Data below Start Marker

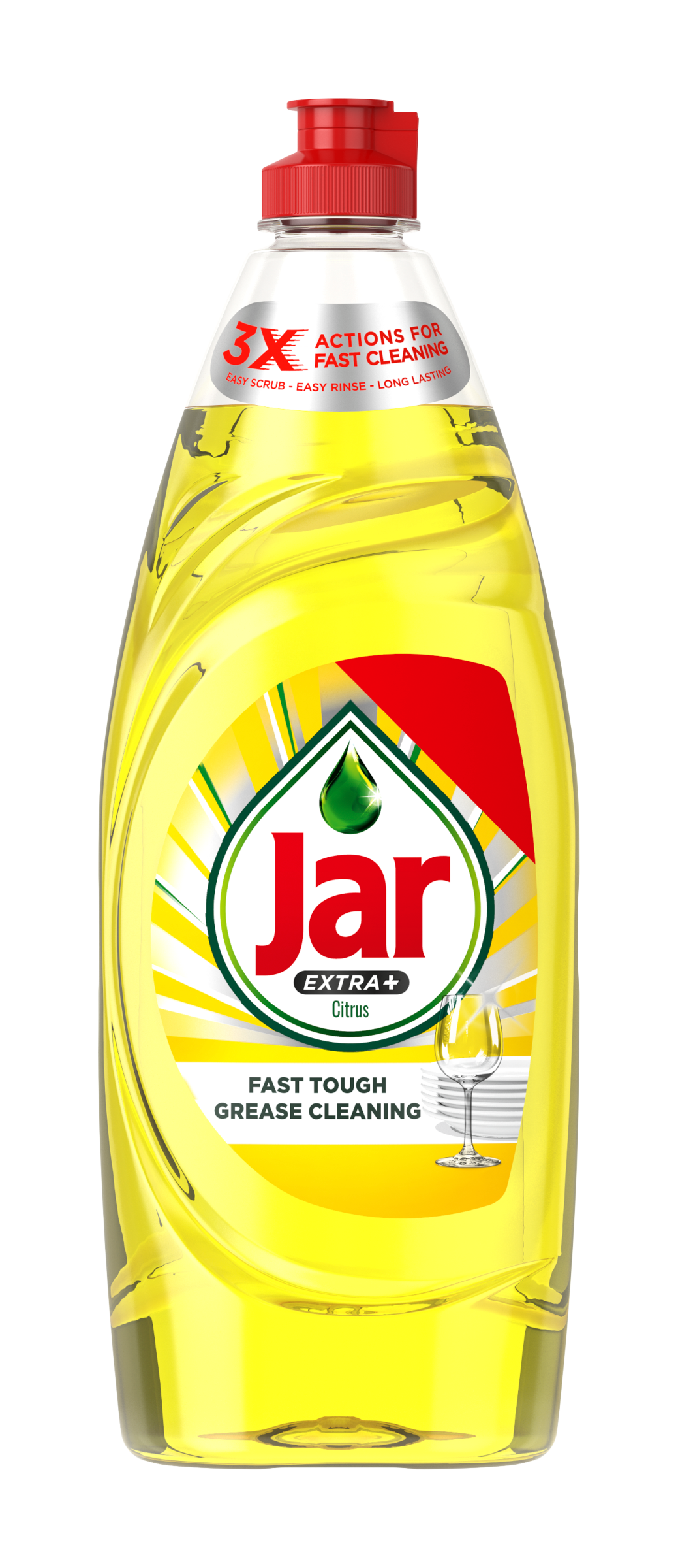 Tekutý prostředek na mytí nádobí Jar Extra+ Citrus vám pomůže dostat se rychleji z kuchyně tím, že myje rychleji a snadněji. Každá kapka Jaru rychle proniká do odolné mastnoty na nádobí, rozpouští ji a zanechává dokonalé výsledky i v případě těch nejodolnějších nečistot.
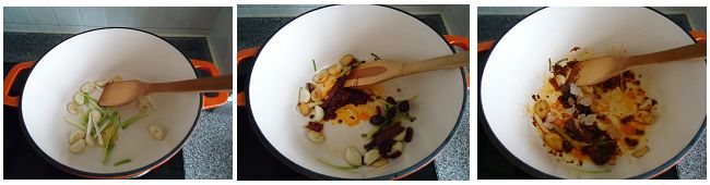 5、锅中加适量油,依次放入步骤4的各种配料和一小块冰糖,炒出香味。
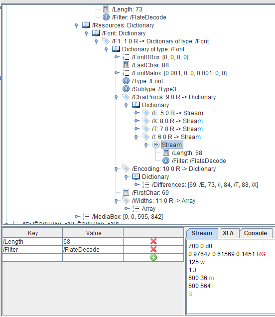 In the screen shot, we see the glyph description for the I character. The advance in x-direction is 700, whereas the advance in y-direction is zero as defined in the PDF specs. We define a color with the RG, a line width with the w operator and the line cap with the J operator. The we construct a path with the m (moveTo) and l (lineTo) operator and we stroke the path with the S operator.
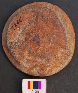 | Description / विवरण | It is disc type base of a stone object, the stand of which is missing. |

Data below End Marker

Problem details = Please give the data above again in exact form and omit every picture.

Exercise output =
 Tekutý prostředek na mytí nádobí Jar Extra+ Citrus vám pomůže dostat se rychleji z kuchyně tím, že myje rychleji a snadněji. Každá kapka Jaru rychle proniká do odolné mastnoty na nádobí, rozpouští ji a zanechává dokonalé výsledky i v případě těch nejodolnějších nečistot.
 5、锅中加适量油,依次放入步骤4的各种配料和一小块冰糖,炒出香味。
 In the screen shot, we see the glyph description for the I character. The advance in x-direction is 700, whereas the advance in y-direction is zero as defined in the PDF specs. We define a color with the RG, a line width with the w operator and the line cap with the J operator. The we construct a path with the m (moveTo) and l (lineTo) operator and we stroke the path with the S operator.
 | Description / विवरण | It is disc type base of a stone object, the stand of which is missing. |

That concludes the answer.